C’est différent. Les finales contre Anvers ont été très compliquées aussi. Mais j’ai toujours eu confiance. Je savais qu’on allait gagner en jouant notre basket. Ici, c’était différent. J’avais confiance en les gars, mais le jeu était en dents de scie, j’étais un peu moins serein. Et j’ai aussi un autre rôle de leader, de capitaine. Et moins offensivement vu que Timmy Allen et les autres joueurs US ont plus pris leurs responsabilités offensivement, et comme il n’y a qu’un seul ballon sur le terrain (rires). C’était parfois frustrant pour moi à gérer, mais on a fait le boulot et c’est le principal. C’était plutôt l’un des titres les plus éprouvants, surtout mentalement. 

Le capitaine ostendais exulte après le titre !

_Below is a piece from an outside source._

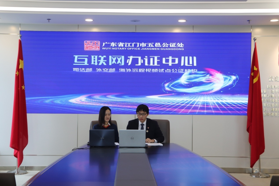 江门地区海外侨胞众多,涉外公证服务需求大,五邑公证处充分利用入选全国首批司法部、外交部海外远程视频公证试点机构名单优势,以线上方式,让华侨华人切实感受到来自祖国、来自家乡的法治关怀和温度。

Ce n’est pas un peu déprimant pour les autres équipes ? Ostende joue moins bien, semble prenable… et vous faites le doublé !
Clairement. On a été beaucoup moins dominant cette saison, des équipes venaient gagner chez nous. Tout le monde pouvait le faire. On a perdu face à des équipes normalement inférieures à nous. Ce n’est pas ce qu’Ostende montre habituellement. J’ai dit aux joueurs qu’on n’avait pas une mentalité de champions, de tueurs. Forcément, les adversaires avaient plus d’énergie puisque c’était possible de nous battre. Avant, on savait qu’on pouvait étouffer nos adversaires en dix minutes. Ici, il fallait se battre pendant 40. Cela doit forcément être frustrant pour eux, et peut-être que le départ de Dario va changer des choses. 

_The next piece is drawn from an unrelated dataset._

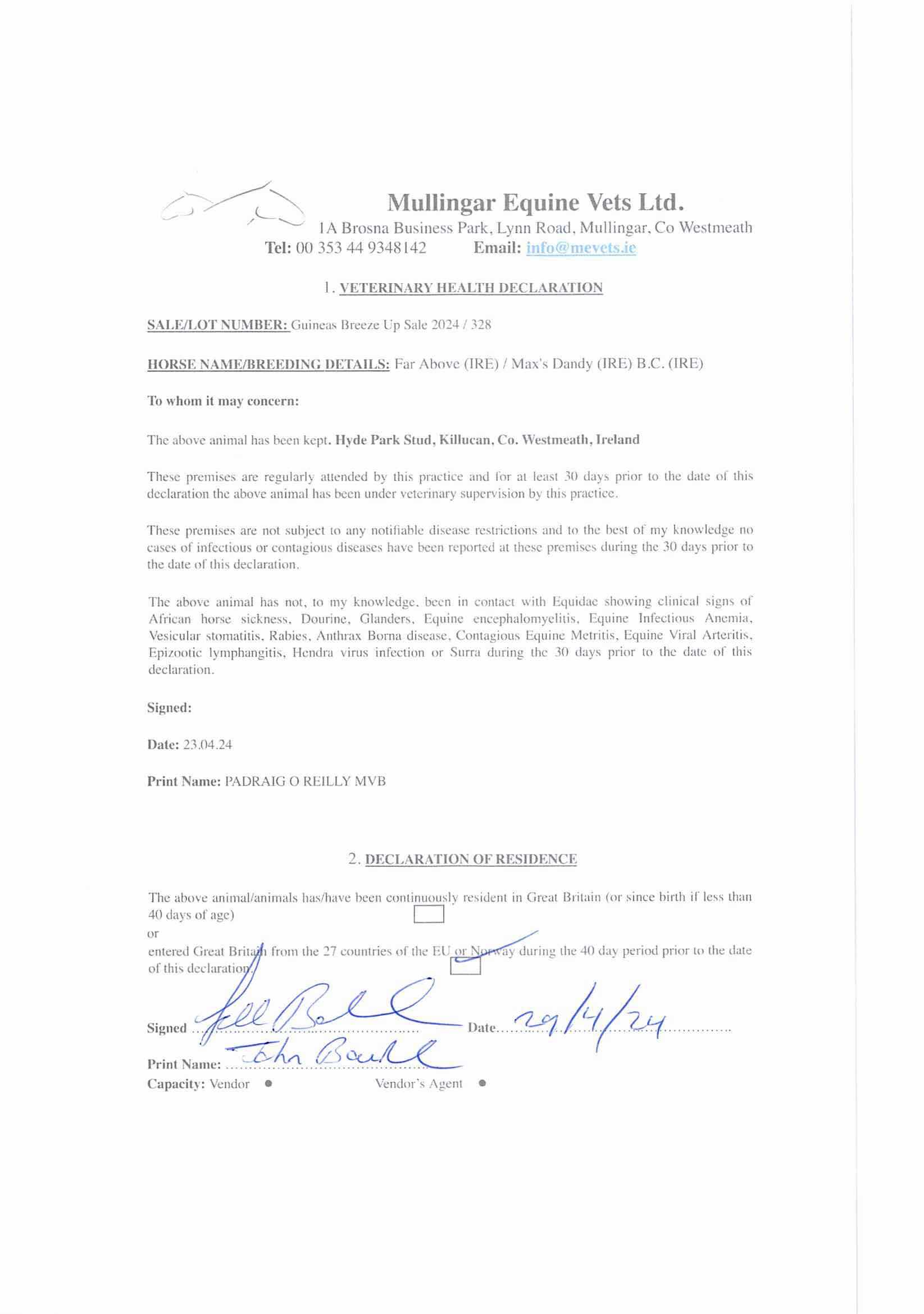 Consignor: Hyde Park Stud, Ireland

« Le titre ? Notre jeu était en dents de scie, j’étais moins serein cette saison »

Pierre-Antoine Gillet

 

Parlons justement de Dario Gjergja. Qu’allez-vous retenir de lui ?
J’ai évidemment une relation particulière avec Dario. J’ai un peu grandi tout au long de ma carrière avec lui, j’ai commencé à Liège, cela fait 11 ans que je joue pour lui, tout en comptant l’équipe nationale. Je ne peux pas retenir une seule chose : sa passion basket, son professionnalisme… Il y aussi le Dario sur le terrain et celui en dehors. Il a été une figure paternelle d’abord, puis fraternelle sur la fin. Pour ça que je lui criais dessus parfois, pour le calmer, le canaliser. Il finit en beauté, il aurait même pu partir plus tôt. Il fallait qu’il trouve un nouveau challenge, c’est bien qu’il parte aussi pour lui. 

Terminons par le bilan de votre saison, du point de vue individuel.
C’est assez mitigé. Il y a un début de saison où je n’ai pas forcément pu me trouver avec tous ces départs. J’ai besoin d’un meneur qui crée pour moi et pour les autres. C’était un peu difficile. Je me suis blessé en équipe nationale, je suis assez bien revenu en étant MVP de la Coupe de Belgique, j’ai prouvé que je suis revenu à mon niveau. Le pourcentage a été un peu moins bon en fin fin de saison. J’ai été bon en défense, toujours présent, mais j’ai moins amené offensivement que les années précédentes. C’était la première fois cette année qu’on avait trois joueurs américains, et Dario a peut-être compris que c’était un peu trop.